2. Is this Mediterranean Quinoa Salad Bowl healthy?
Yes, it is incredibly healthy. It’s a well-balanced meal packed with plant-based protein, high fiber, heart-healthy monounsaturated fats, and a wide range of vitamins and minerals from the fresh vegetables. It’s a perfect example of the Mediterranean diet, which is widely regarded as one of the healthiest eating patterns in the world.

3. How long will this quinoa salad last in the fridge?
Once fully assembled, the salad will last for up to 3-4 days in an airtight container in the refrigerator. The vegetables, particularly the cucumber and tomatoes, may release some water and soften slightly over time, but the flavor will remain delicious.

4. Can I use a different grain instead of quinoa?
Certainly. If you don’t have quinoa or prefer a different texture, this salad works wonderfully with other grains. Try using cooked farro for a chewy, nutty texture, or couscous for a lighter, quicker option. Orzo pasta or brown rice are also great substitutes.

5. What can I add for extra protein?
While the quinoa and chickpeas already provide a good amount of protein, you can easily boost it further.

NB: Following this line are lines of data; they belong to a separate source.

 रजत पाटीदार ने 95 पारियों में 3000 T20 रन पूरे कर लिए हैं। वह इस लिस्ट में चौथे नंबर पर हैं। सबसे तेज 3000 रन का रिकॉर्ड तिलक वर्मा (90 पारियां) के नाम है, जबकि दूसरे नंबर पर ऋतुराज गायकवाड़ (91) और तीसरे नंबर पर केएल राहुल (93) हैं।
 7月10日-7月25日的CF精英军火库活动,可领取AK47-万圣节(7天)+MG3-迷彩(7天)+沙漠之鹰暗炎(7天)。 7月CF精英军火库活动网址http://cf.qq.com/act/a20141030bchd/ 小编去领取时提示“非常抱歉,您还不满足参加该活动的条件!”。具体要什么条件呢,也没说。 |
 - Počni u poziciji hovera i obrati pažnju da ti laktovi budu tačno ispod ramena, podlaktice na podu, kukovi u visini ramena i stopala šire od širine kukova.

Shredded rotisserie chicken, grilled shrimp, canned tuna (packed in oil, drained), or a hard-boiled egg are all excellent additions that complement the Mediterranean flavors.

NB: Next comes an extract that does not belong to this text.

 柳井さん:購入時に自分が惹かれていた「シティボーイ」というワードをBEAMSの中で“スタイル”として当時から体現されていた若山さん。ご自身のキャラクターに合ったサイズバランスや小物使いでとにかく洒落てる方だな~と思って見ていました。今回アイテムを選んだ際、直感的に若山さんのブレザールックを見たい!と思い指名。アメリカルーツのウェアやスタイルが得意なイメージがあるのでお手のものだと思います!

6. My quinoa is bitter. What did I do wrong?
The most common cause of bitter quinoa is not rinsing it thoroughly enough. Quinoa grains have a natural coating called saponin which protects them from pests but has a bitter, soapy taste. It is essential to rinse the quinoa under cold running water in a fine-mesh sieve for at least a minute before cooking to wash this coating away.

7. Is this recipe gluten-free?
Yes, this recipe is naturally gluten-free as all the ingredients, including quinoa, vegetables, cheese, and the olive oil-based dressing, do not contain gluten. It’s a fantastic, flavorful option for anyone following a gluten-free diet.

8. What’s the best way to store the dressing?
The lemon herb vinaigrette can be made up to a week in advance. Store it in a glass jar with a tight-fitting lid in the refrigerator. The olive oil may solidify when chilled, which is completely normal. Simply take it out of the fridge about 20-30 minutes before you plan to use it, and give it a vigorous shake to re-emulsify before drizzling it over your salad.